A special purpose acquisition company (SPAC) is a different spin on an initial public offering (IPO), which is a company’s journey from a private business to one that trades on the TSX, NYSE or any other stock exchange. Simply put, a SPAC is money pooled together looking for a business to invest in; an IPO is a business looking for funding.

Under a typical IPO in Canada, the private firm hires an investment bank that assesses the value of the company and prepares it for a listing on a stock exchange. This includes preparing a prospectus that will be reviewed by provincial regulators like the British Columbia Securities Commission, marketing the IPO to an initial group of investors, and registering the stock on the market on which it will trade—the two main Canadian markets being the Toronto Stock Exchange and the TSX Venture Exchange.

Under a SPAC, a group of investors pool their money to form a company—but this firm is basically a shell: it exists solely to house the capital its creators collect from the initial investors in the SPAC. They then use these funds to purchase a private company—either a recent start-up or one with an established business.

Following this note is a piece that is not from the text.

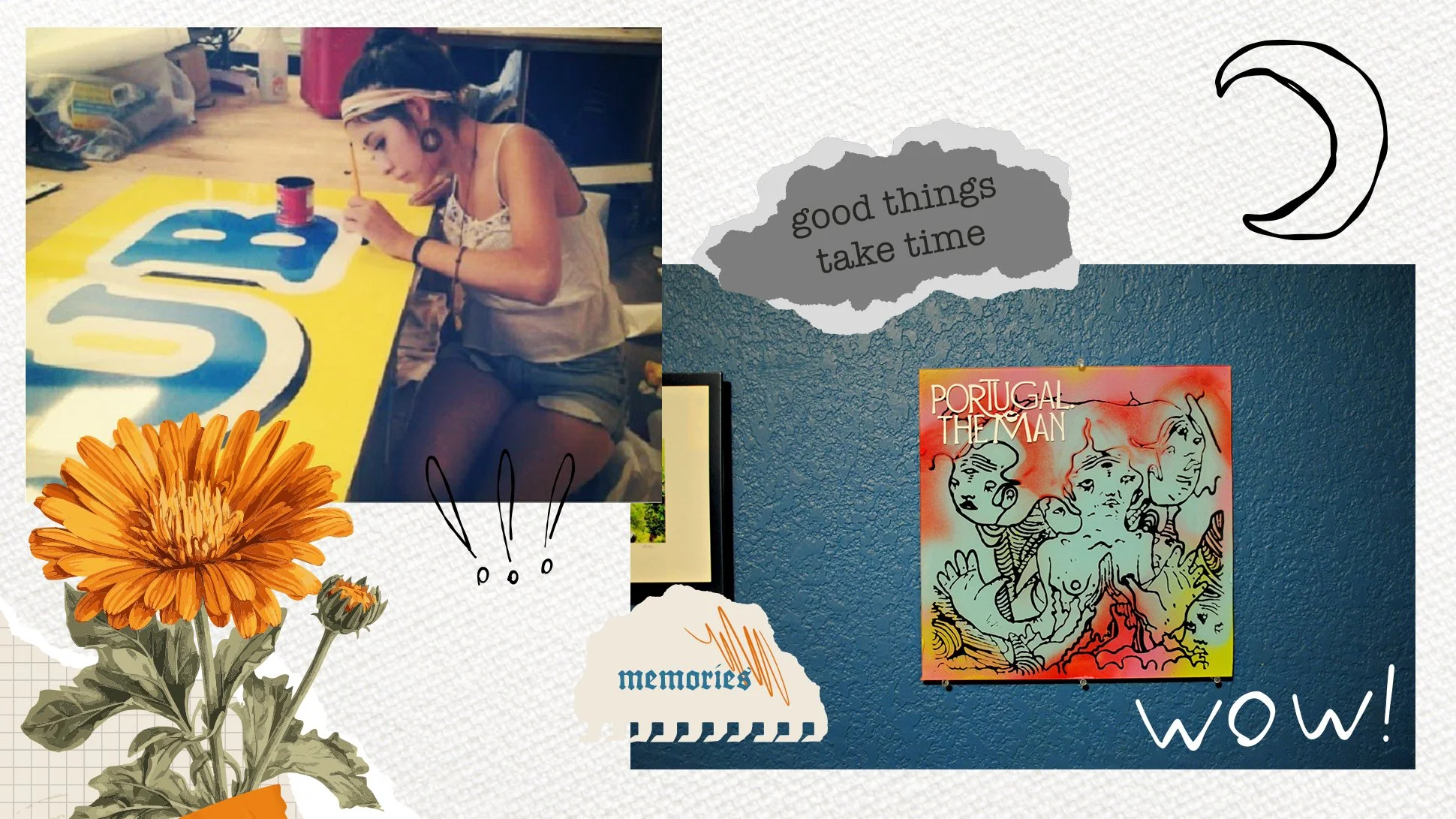 But as a teen, I started saving the scraps. I’d turn them into little band-inspired art pieces. I would cut vinyl, spray paint the backs, and design the displays with my whole heart. I think I was 14 or 15 when I walked into a music store in Hesperia with a few pieces I’d made. It was my idea, and my mom encouraged me to go for it. I was nervous as hell, but I asked if they’d let me sell them.

Then they list the shares of the SPAC, which is now essentially the acquired company, on an exchange.

This makes the whole process of an IPO faster, by months and sometimes years.

An interesting point about SPACs is that they’re very popular in the U.S.—which is why we’ve heard a lot about them in recent months—but much less so in Canada. Bloomberg reported in February that Canaccord Genuity, an investment bank specializing in SPACs, managed SPAC IPOs valued at C$1.53 billion in 2019, but that number dropped by more than half, to C$718.9 million, in 2020.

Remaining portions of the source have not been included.